Sebbene il catinone venga definito scientificamente come uno stimolante
e non come una droga, è stato incluso dal 1988 nell'elenco delle
sostanze stupefacenti emesso dalle Nazioni Unite, rendendo il qat
illegale in gran parte dell'Europa, del medio oriente e negli Usa, ma la
sua diffusione è rimasta comunque generalmente ristretta all'area di
origine a causa dell'estrema labilità del principio attivo, che decade
ad appena due giorni dalla raccolta della pianta e ne rende difficile la
conservazione. La masticazione di queste foglie è un fenomeno molto
comune nel Corno d'Africa, ma in Etiopia rappresenta anche un business
enorme, in continua crescita da quando il prezzo del primo prodotto
esportato dal paese, il caffè, è crollato in quattro anni del 70% sui
mercati globali.
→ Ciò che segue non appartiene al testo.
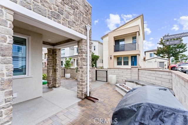 Rare opportunity to own a single family detached home with only one HOA! Corner lot, custom built gas fire pit in the private front courtyard, in the desirable community of Rancho Mission Viejo. This 2022 built home comes with upgrades, including PAID OFF solar. This home is located on a corner lot and upon entering the home, you will find upgraded wood-look tile throughout the entire main floor. The kitchen includes gorgeous granite counters, upgraded white subway tile backsplash, white cabinets with upgraded hardware, and stainless steel appliances. You will also find the powder bath and direct access to the 2 car garage. Upstairs, you will find the primary bedroom, which includes direct access to the balcony and a large walk-in closet. The primary bedroom's en-suite bathroom boasts an upgraded tile walk in shower, quartz counters, and upgraded tile flooring. The 2nd bedroom includes an en-suite full bathroom, with quartz counters and a walk in closet. The upstairs laundry designed for a stackable washer/dryer and includes built in shelving, for storage. The enclosed front yard and side yard are beautifully designed with pavers, custom built fire pit with direct natural gas line, and ready for irrigation and electrical. The 2 car garage has been upgraded with epoxy throughout. The home is centrally located within Rienda! Once a resident you can expect to enjoy all that the HOA amenities offers: local businesses, golf cart lifestyle, arcade room, pickle ball, bocce ball courts, clubhouse bar, fitness centers, local restaurants, Rancho Mission Viejo Schools, boulder pond directly across from this home and other neighborhood events including Farmers Markets. Shopping, dining, and beaches all within a short drive! Just minutes from the 241 Toll Road. Buyer to confirm all information and satisfy self with appropriate due diligence.

Come nello schema ormai classico nei paesi in via di
sviluppo, la caduta dei prezzi dei prodotti tropicali lascia ai
contadini locali una sola alternativa, la coltura più redditizia delle
piante narcotiche. Da allora infatti, le campagne della regione dell'Hararge,
un tempo coltivate a caffè, frutta e cereali, sono state velocemente
convertite in un'immensa piantagione di qat.
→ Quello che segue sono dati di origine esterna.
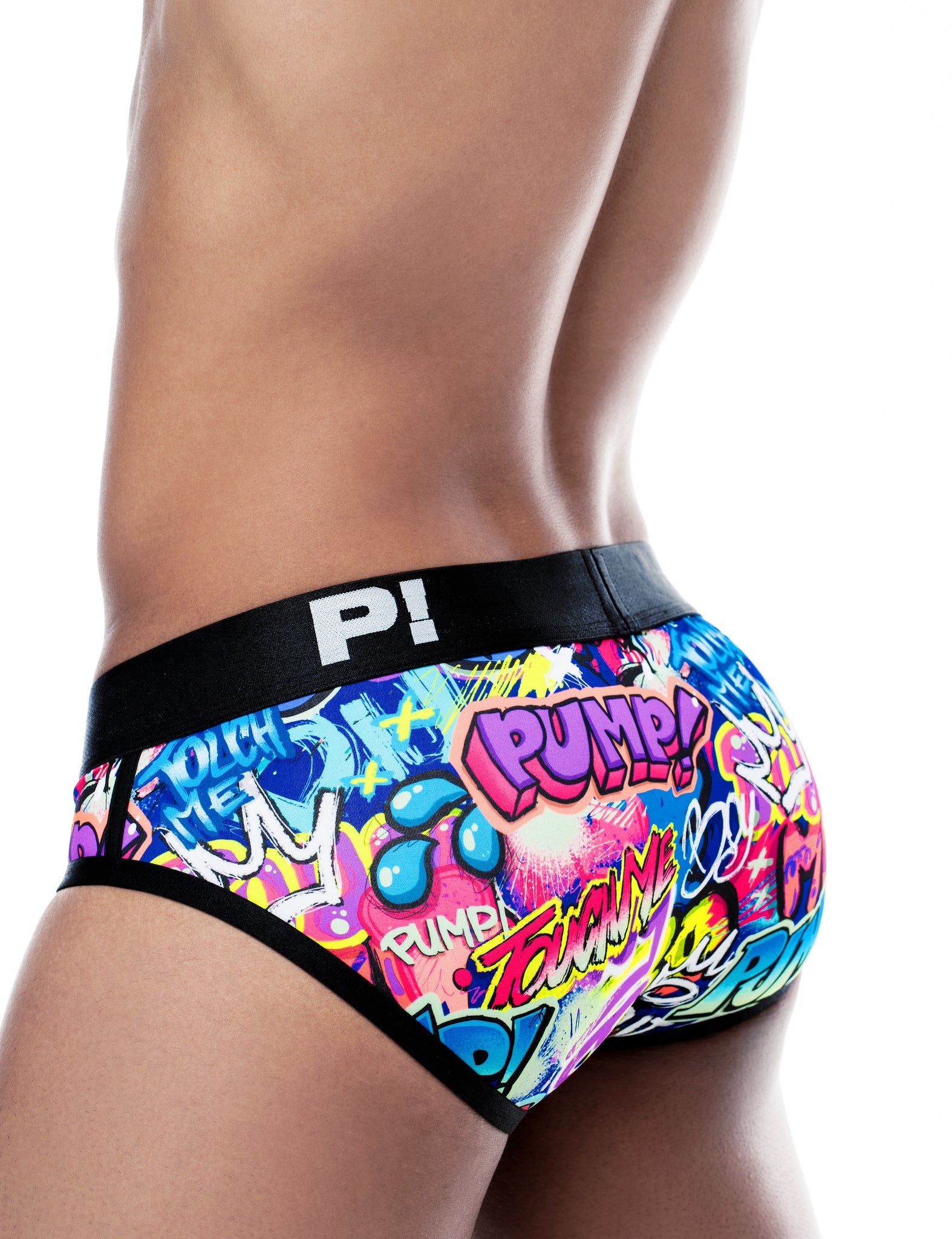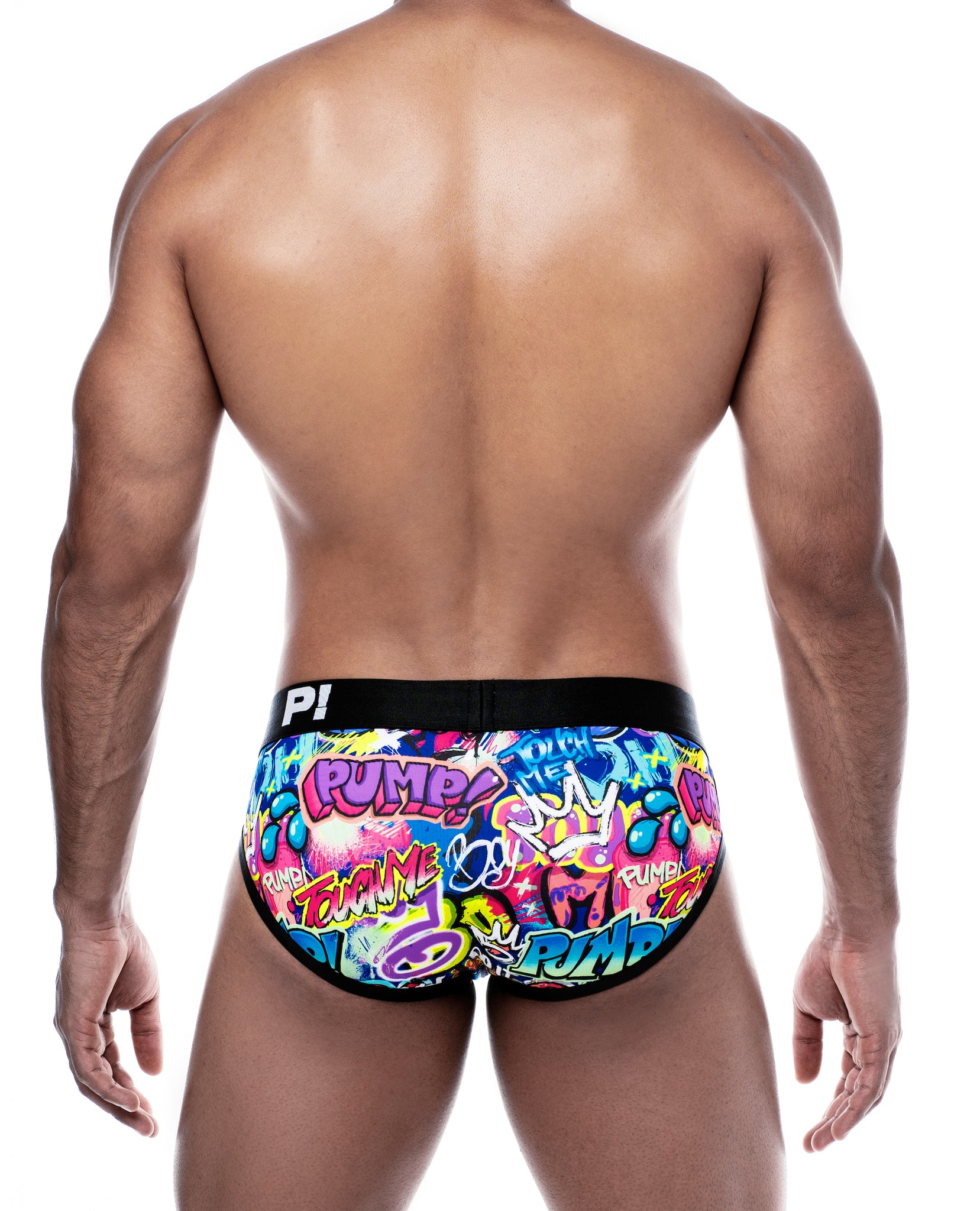 The PUMP! DRIP Graffiti Print Brief is made from moisture-wicking and durable microfibre that features an all-over graffiti print, with the placement of the print varying on every pair. The 4cm wide elastic waistband features white PUMP! branding centre front on a black base with black bindings.

Muhajiddin, fino a due anni fa un coltivatore di caffè, ha un terreno di
cinquemila metri quadrati a pochi chilometri da Harar ed ogni giorno
ingrossa le fila di quella folla enorme che dalle campagne si reca ad
Awoday. Mi spiega come per lui il qat abbia avuto una funzione
salvifica: oltre ad essere una pianta che resiste più facilmente del
caffè alle malattie e alla siccità, permette di fare fino a tre raccolti
l'anno ed ottenere un guadagno triplo. Muhajiddin infatti, come chiunque
altro lavori nel settore, riesce ad avere un tenore di vita ben più
agiato rispetto al resto della popolazione.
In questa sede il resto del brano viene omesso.